- Material provided
== Segment start ==

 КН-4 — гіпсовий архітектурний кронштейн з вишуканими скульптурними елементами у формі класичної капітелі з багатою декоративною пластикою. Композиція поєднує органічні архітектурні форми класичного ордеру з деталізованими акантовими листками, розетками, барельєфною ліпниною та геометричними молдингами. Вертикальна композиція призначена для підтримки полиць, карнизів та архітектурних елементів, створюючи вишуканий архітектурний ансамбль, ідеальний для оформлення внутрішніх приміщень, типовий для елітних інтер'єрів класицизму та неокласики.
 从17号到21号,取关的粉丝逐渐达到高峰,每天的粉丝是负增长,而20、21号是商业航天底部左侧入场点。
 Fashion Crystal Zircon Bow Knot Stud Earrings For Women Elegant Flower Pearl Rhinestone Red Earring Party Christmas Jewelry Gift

== Segment end ==
== Segment start ==

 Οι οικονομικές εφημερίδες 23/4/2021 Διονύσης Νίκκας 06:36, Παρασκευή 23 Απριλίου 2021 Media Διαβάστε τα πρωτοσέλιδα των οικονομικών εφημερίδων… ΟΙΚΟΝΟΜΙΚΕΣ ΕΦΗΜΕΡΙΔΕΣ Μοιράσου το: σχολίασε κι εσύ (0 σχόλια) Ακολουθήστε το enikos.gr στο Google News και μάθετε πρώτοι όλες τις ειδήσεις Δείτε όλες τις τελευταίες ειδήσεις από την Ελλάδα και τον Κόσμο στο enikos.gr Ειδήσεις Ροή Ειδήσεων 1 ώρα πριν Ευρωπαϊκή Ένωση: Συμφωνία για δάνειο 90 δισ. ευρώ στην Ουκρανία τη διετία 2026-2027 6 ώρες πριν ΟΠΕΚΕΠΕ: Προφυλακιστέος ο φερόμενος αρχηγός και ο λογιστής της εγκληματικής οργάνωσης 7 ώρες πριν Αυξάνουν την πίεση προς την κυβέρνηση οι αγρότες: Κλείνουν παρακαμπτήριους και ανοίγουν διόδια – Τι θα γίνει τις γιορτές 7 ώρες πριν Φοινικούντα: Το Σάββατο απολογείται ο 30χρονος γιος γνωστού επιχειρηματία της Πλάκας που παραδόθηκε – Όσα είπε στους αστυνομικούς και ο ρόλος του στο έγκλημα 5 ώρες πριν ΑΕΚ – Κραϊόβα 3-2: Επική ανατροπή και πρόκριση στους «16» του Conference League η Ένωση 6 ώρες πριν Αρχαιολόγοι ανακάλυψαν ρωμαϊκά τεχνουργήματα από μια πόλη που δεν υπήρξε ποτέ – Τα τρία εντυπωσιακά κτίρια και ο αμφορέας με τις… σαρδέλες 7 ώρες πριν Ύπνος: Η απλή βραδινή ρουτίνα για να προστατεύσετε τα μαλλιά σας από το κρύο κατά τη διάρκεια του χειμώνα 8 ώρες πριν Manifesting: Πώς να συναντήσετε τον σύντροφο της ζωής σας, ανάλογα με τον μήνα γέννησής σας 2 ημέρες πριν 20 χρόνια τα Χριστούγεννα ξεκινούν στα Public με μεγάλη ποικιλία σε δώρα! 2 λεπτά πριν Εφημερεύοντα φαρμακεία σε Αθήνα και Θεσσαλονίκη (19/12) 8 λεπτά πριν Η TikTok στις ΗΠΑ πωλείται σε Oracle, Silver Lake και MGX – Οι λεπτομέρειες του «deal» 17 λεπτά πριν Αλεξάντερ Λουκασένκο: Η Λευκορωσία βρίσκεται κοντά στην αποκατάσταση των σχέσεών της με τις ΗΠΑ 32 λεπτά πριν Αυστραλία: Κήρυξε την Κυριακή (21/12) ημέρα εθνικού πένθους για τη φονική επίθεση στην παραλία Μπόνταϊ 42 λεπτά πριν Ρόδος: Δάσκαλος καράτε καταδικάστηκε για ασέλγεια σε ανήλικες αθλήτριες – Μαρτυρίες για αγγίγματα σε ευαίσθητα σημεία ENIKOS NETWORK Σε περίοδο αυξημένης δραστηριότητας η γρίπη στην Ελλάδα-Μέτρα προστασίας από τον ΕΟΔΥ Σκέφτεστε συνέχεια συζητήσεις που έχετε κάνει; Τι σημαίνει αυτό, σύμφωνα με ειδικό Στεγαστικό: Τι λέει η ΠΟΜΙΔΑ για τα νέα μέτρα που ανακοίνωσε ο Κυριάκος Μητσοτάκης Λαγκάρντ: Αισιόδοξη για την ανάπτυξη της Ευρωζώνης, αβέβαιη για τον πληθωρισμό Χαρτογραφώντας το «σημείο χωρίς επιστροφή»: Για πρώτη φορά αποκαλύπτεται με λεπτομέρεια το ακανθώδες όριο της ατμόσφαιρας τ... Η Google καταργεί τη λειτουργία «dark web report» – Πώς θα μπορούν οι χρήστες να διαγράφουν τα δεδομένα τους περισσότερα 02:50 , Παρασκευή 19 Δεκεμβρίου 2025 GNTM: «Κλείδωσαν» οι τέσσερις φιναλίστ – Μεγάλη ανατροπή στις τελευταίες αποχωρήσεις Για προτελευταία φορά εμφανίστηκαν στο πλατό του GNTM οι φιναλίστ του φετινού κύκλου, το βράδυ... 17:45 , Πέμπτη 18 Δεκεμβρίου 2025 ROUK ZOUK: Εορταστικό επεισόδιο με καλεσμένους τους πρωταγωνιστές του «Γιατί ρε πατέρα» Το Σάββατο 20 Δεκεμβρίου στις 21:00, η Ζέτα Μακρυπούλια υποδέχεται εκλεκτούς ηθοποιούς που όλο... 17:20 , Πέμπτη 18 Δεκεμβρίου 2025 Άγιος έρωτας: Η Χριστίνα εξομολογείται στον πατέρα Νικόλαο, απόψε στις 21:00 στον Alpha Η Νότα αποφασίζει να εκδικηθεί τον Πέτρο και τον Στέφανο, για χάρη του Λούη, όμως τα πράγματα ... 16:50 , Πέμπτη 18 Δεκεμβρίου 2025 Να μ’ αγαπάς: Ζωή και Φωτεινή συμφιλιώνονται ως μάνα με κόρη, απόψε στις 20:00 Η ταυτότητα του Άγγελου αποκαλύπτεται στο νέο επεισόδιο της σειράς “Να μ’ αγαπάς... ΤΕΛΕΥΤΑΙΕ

== Segment end ==

Extract from the records above the lines from the one containing "从17号到21号,取关的粉丝" to the one containing "Fashion Crystal Zircon", both lines included, exactly as they appear and with nothing else.

- Written reply
 从17号到21号,取关的粉丝逐渐达到高峰,每天的粉丝是负增长,而20、21号是商业航天底部左侧入场点。
 Fashion Crystal Zircon Bow Knot Stud Earrings For Women Elegant Flower Pearl Rhinestone Red Earring Party Christmas Jewelry Gift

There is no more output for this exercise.